Os alertas para o controle e bloqueio de serviços são antigos e Tim Berners-Lee já defende há vários anos um “Contrato para a Internet” para reparar o que na sua perspetiva está errado com a grande rede. A iniciativa data de 2019 e a visão do “pai da World Wide Web” já reuniu milhares de empresas e organizações que assinaram este “Contrato” com nove compromissos em várias áreas.
Podem estas iniciativas e avisos ter efeito? Que impacto tem o isolamento progressivo da Rússia? Ricardo Lafuente, vice presidente da associação D3 – Direitos Digitais lembra que a balcanização da Internet não é nova e que neste momento é difícil fazer previsões sobre o que vai acontecer.
“Com a invasão da Ucrânia ainda em curso e uma grande incerteza sobre os próximos passos da China face a Taiwan, é arriscado fazer qualquer previsão do que se irá tornar a Internet – só sabemos que muito vai mudar”, afirma em entrevista ao SAPO TEK, avisando que “o que se discute agora é o quanto se irá agravar face à realidade geopolítica atual”.
A utilização da Internet como arma nos conflitos, em especial por regimes totalitários mas também por países democráticos, para controlar a população, reprimir dissidências internas e fazer pressão política são medidas que “têm sido aplicadas regularmente nos conflitos contemporâneos, mas a proximidade da invasão da Ucrânia veio dar ao ocidente outra perspectiva relativamente ao acesso à Internet como arma e mecanismo de controlo”, explica Ricardo Lafuente, apontando a tática russa de desviar tráfego das zonas ocupa-as para passar por servidores russos, com objetivo de vigilância das comunicações.
A Internet Society é outra das organizações que tem vindo a alertar para a possibilidade da fragmentação deitar por terra décadas de esforço para garantir a ligação do mundo inteiro, dividindo a Internet numa série de redes separadas, sem pontos de contacto.
“Podem usar os mesmos nomes e protocolos, mas os governos e empresas podem tornar-se os ‘porteiros’ do acesso ao que as pessoas podem fazer, ver e aceder nessas redes”, adianta a organização.
E não é só o fluxo dos dados que está em causa, mas o próprio comércio internacional, assim como a divisão digital.
Dan York, diretor da Internet Society, defende que o impacto na nossa forma de viver é profundo e exemplifica, de forma simples, com o caso de quem não consegue aceder ao Facebook, tem uma alternativa ao Google porque o motor de busca está bloqueado e que mesmo a Wikipedia está fora de alcance. “Podemos usar os mesmos browsers e programas de email mas não conseguimos chegar aos mesmos sítios. E mesmo que consiga, não tem a certeza se o governo local está a monitorizar tudo o que faz online”.

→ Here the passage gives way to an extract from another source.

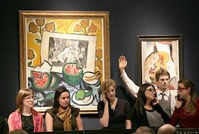 Торги аукционного дома Christie’s прошли в рамках "русской недели" в Лондоне. Картина художника Натальи Гончаровой "Натюрморт с арбузами" (в центре).

“A Internet foi bem sucedida porque é aberta, sem restrições, e com protocolos comuns. Para o manter temos de parar a divisão e fragmentação”, defende Dan York.
Ricardo Lafuente admite a esperança de que a União Europeia tenha impacto na defesa de uma Internet livre e aberta, mas avisa que a posição tem sido ambivalente e que “tem havido desenvolvimentos que nos deixam apreensivos”, referindo a recente ideia de fazer vigilância massiva e reduzir a encriptação com o pretexto de proteger as crianças.